Assigned task — Starting with the line that has "门店也在保持增长,2020~" in the records below and ending with the line that has "HOMCOM 6FT Artificial", output those lines exactly and nothing more; omit the pictures.

Extracted material —
--

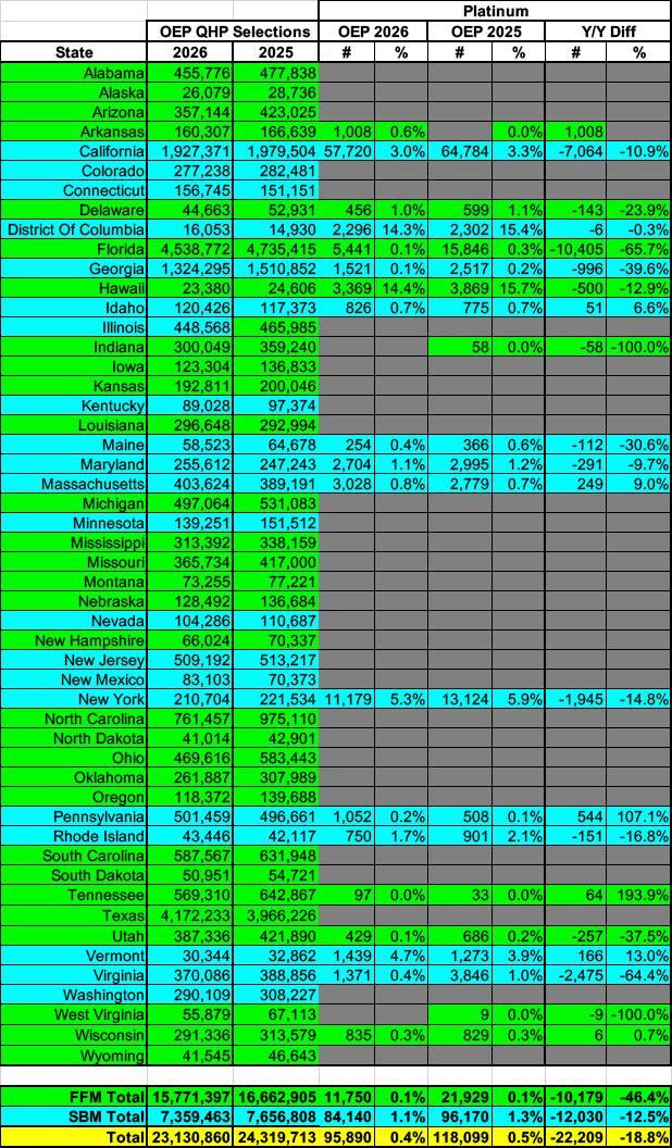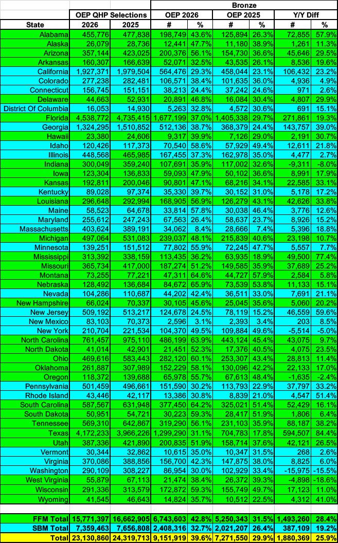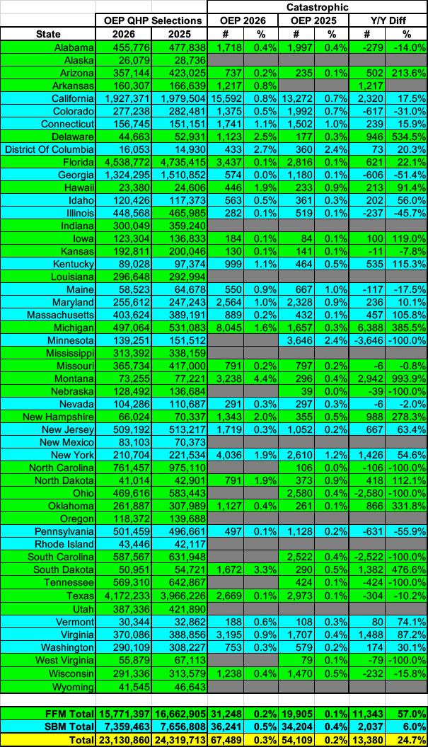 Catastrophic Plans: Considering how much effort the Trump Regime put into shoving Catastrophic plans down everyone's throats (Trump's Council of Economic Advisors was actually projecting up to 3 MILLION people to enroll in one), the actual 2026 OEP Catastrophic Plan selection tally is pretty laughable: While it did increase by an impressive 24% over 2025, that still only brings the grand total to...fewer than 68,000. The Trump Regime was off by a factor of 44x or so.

--

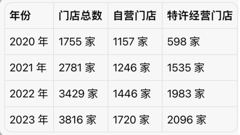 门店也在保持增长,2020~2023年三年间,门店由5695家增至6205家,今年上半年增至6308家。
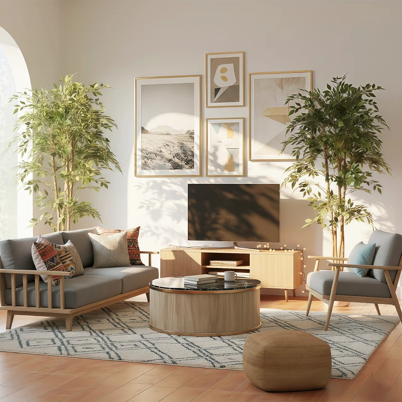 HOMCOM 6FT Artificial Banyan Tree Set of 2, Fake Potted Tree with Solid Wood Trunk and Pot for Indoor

--

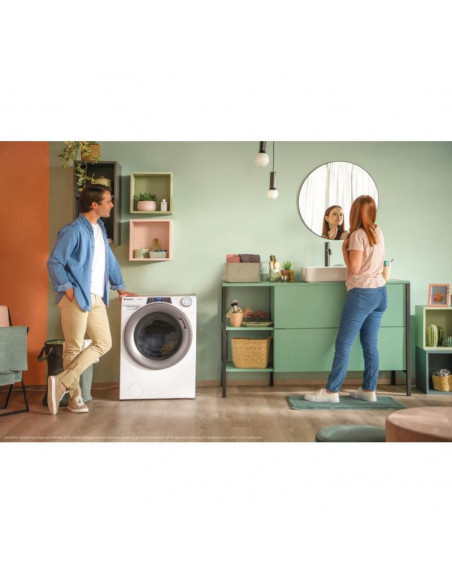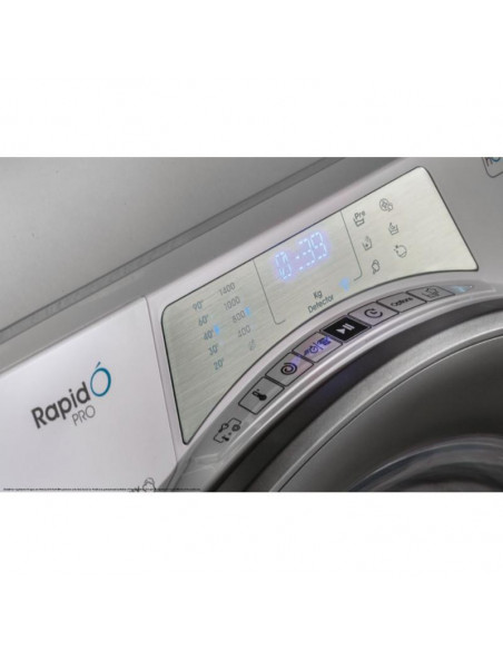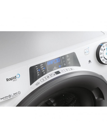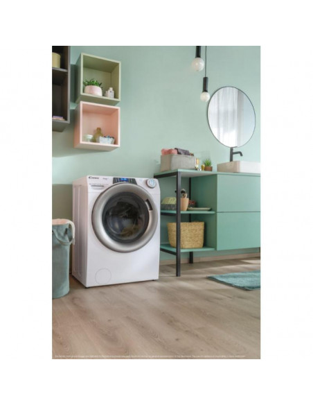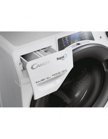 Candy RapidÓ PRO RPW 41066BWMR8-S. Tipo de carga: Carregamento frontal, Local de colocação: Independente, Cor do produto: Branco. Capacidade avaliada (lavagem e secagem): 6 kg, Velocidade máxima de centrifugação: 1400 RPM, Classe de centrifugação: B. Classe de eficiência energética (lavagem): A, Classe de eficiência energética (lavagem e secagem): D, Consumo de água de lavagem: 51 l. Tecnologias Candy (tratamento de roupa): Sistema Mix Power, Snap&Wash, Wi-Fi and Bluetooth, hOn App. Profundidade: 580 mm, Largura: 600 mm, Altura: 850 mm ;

--

Your solution —
 门店也在保持增长,2020~2023年三年间,门店由5695家增至6205家,今年上半年增至6308家。
 HOMCOM 6FT Artificial Banyan Tree Set of 2, Fake Potted Tree with Solid Wood Trunk and Pot for Indoor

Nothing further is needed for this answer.